In the answer, each line from the top of the material through the line that contains "Balra fordulva érkezünk" is restated exactly. No picture is given again.

######

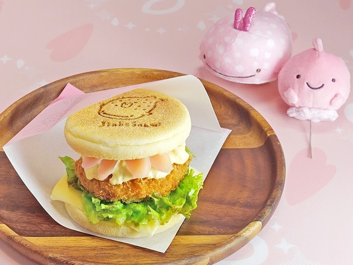 あたまに“岩下の新生姜っぽいもの”がついた「岩下の新生姜じんべえさん」の焼印入りのイングリッシュマフィンで、「岩下の新生姜メンチカツ」、たっぷりの岩下の新生姜スライス、岩下の新生姜入りタルタルソース、スライスチーズ、サニーレタスをサンドしました。
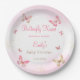 Butterfly Kisses and Baby Wishes Pink Baby Shower Paper Plate
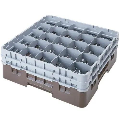 This Cambro 17-Compartment Half-Size Stemware & Tumbler Glass Rack - Camrack [17HS638-184] is a dish rack for cups with 17 compartments. Each compartment can hold a cup with a max diameter size of 3.5 inches and a max height of 6.88 inches. This rectangle shaped cup rack fits in most commercial dish washers and makes cleaning cups and other glassware extremely easy. Thanks to the polypropylene plastic used in this construction, this cup rack is extremely durable and heat resistant.
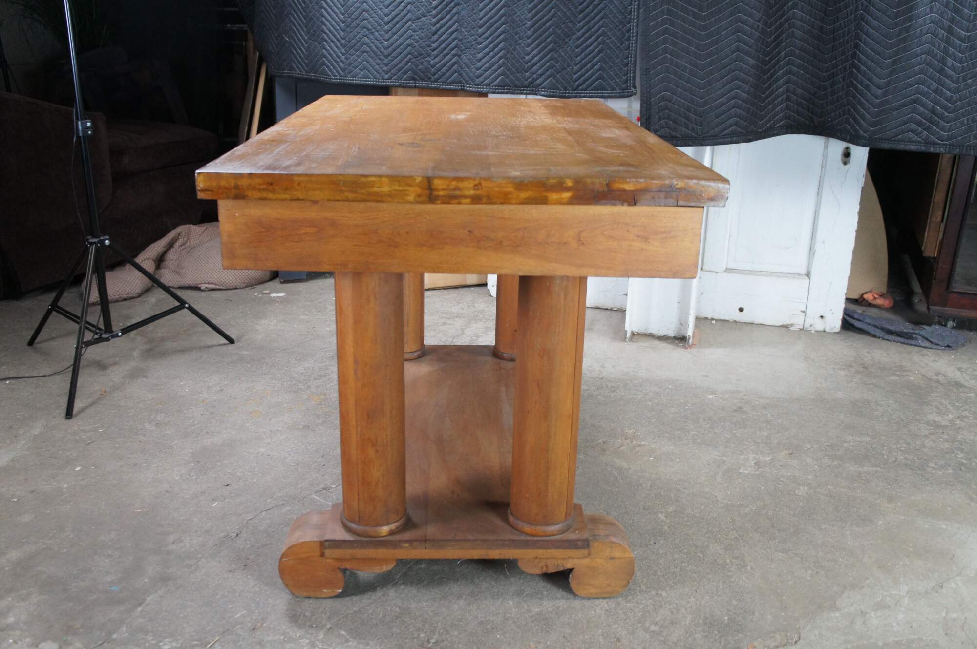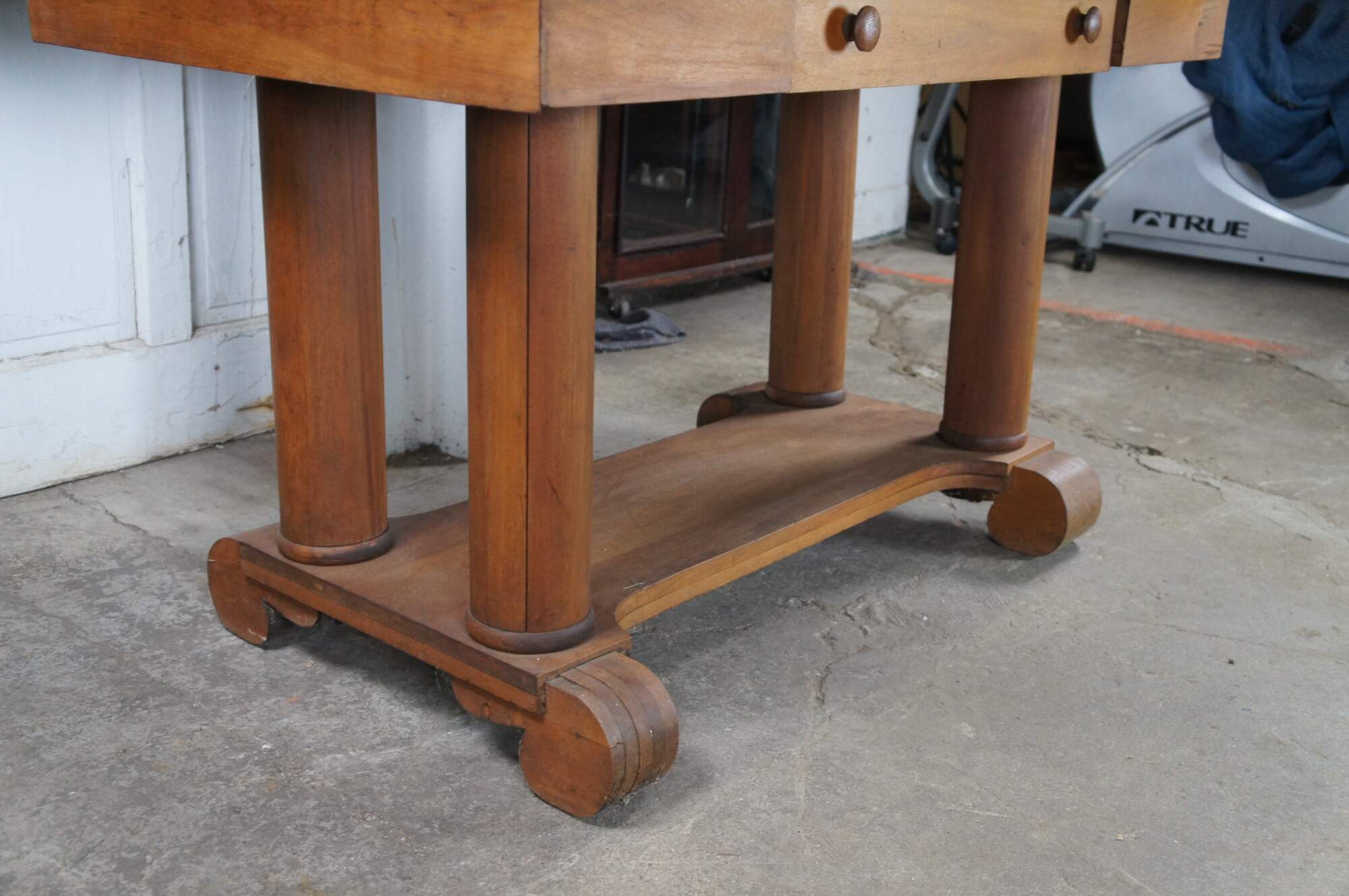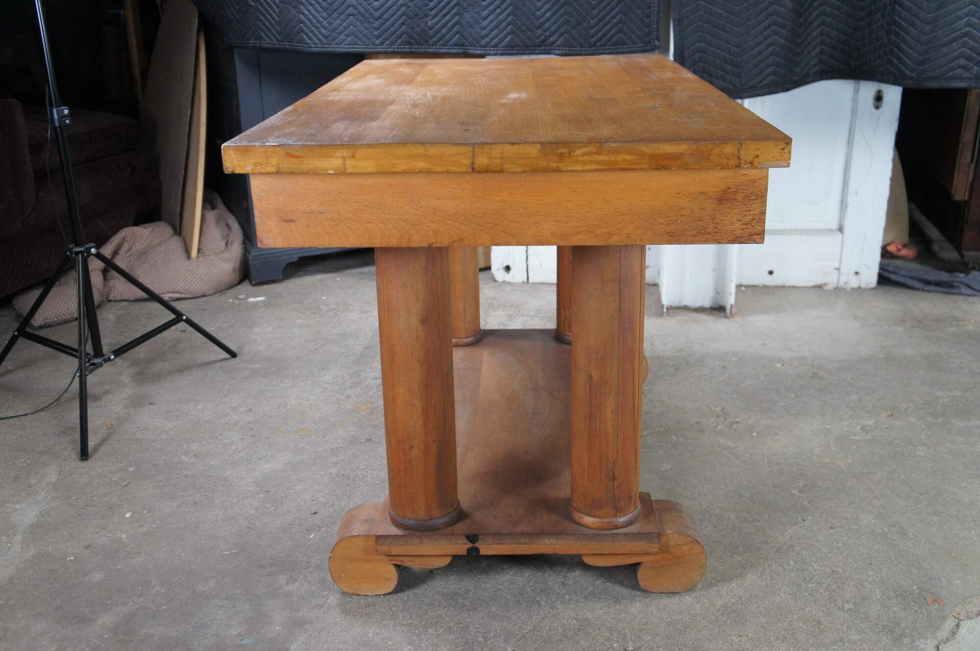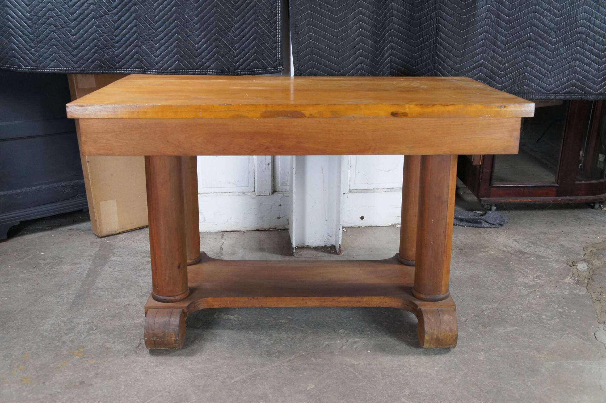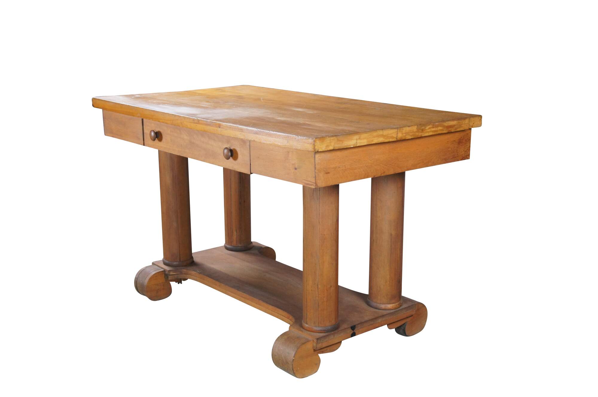 Early 20th Century Arts & Crafts / Mission Library Table. Features a rectangular form made from oak and pine `with a central drawer over columnar supports leading to a trestle base with scrolled feet.
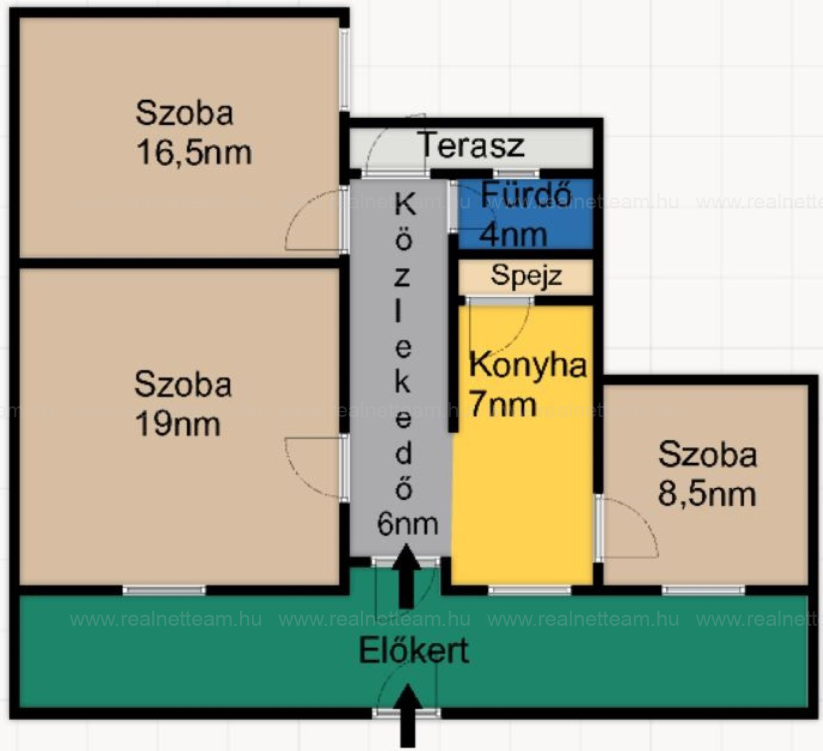 Balra fordulva érkezünk meg a nappaliba a folyosón továbbhaladva pedig a másik nagyszobába, mellyel szemben a kádas fürdőszoba helyezkedik el. A folyosó végén található a kijárat a hátsó teraszhoz (9 nm), a kertrészhez (25 nm).és a fészerhez (7 nm).
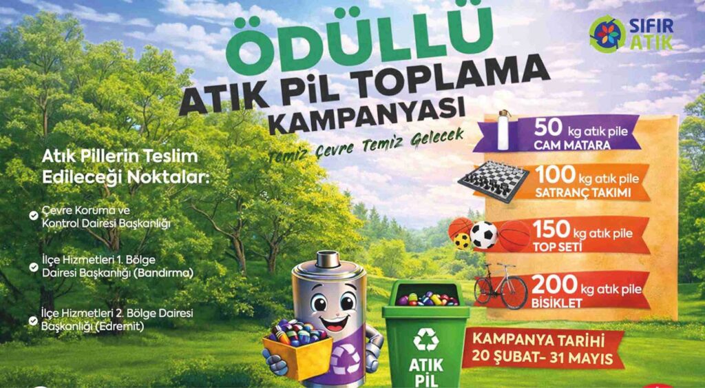 “Sıfır Atık Projesi” kapsamında hayata geçirilen kampanyada, atık piller Çevre Koruma ve Kontrol Dairesi Başkanlığı, İlçe Hizmetleri 1. Bölge Dairesi Başkanlığı (Bandırma) ve İlçe Hizmetleri 2. Bölge Dairesi Başkanlığı (Edremit) olmak üzere üç noktaya teslim edilebilecek. Teslim edilen atık pillerin karşılığında atık pilleri teslim eden kişilere çeşitli hediyeler takdim edilecek. 50 kilogram atık pil getirilmesi karşılığında cam matara, 100 kilogram atık pil getirilmesi karşılığında satranç takımı, 150 kilogram atık pil getirilmesi karşılığında top seti, 200 kilogram atık pil getirilmesi karşılığında ise bisiklet hediye edilecek. Atık Pil Toplama Kampanyasına son katılım tarihi 31 Mayıs 2026 Pazar günü olacak. Kampanyanın ödül töreni ise 5 Haziran Çevre Haftası Etkinlikleri kapsamında gerçekleştirilecek.
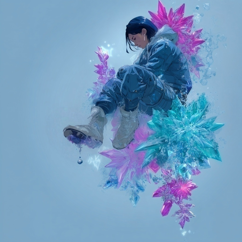 Create a crystalline ambient electronica piece with breathy androgynous whisper vocals that melt into the soundscape like ASMR textures, The emotional core evokes a frozen inner landscape slowly thawing—crystallized emotions dissolving into delicate droplets of release, Begin with glassy synth arpeggios shimmering through deep reverb, layered with ice-crackle and water-drop sound effects, Minimal beats pulse beneath warm sub-bass and drone ambient pads, Mix with ultra-wide stereo field and crystalline clarity, creating floating weightlessness and ephemeral beauty, Chillwave and anime soundtrack influences meet glitch pop elements in quiet liberation, ‑vocaloid, ‑rap

######

▸ **Task answer**:
 あたまに“岩下の新生姜っぽいもの”がついた「岩下の新生姜じんべえさん」の焼印入りのイングリッシュマフィンで、「岩下の新生姜メンチカツ」、たっぷりの岩下の新生姜スライス、岩下の新生姜入りタルタルソース、スライスチーズ、サニーレタスをサンドしました。
 Butterfly Kisses and Baby Wishes Pink Baby Shower Paper Plate
 This Cambro 17-Compartment Half-Size Stemware & Tumbler Glass Rack - Camrack [17HS638-184] is a dish rack for cups with 17 compartments. Each compartment can hold a cup with a max diameter size of 3.5 inches and a max height of 6.88 inches. This rectangle shaped cup rack fits in most commercial dish washers and makes cleaning cups and other glassware extremely easy. Thanks to the polypropylene plastic used in this construction, this cup rack is extremely durable and heat resistant.
 Early 20th Century Arts & Crafts / Mission Library Table. Features a rectangular form made from oak and pine `with a central drawer over columnar supports leading to a trestle base with scrolled feet.
 Balra fordulva érkezünk meg a nappaliba a folyosón továbbhaladva pedig a másik nagyszobába, mellyel szemben a kádas fürdőszoba helyezkedik el. A folyosó végén található a kijárat a hátsó teraszhoz (9 nm), a kertrészhez (25 nm).és a fészerhez (7 nm).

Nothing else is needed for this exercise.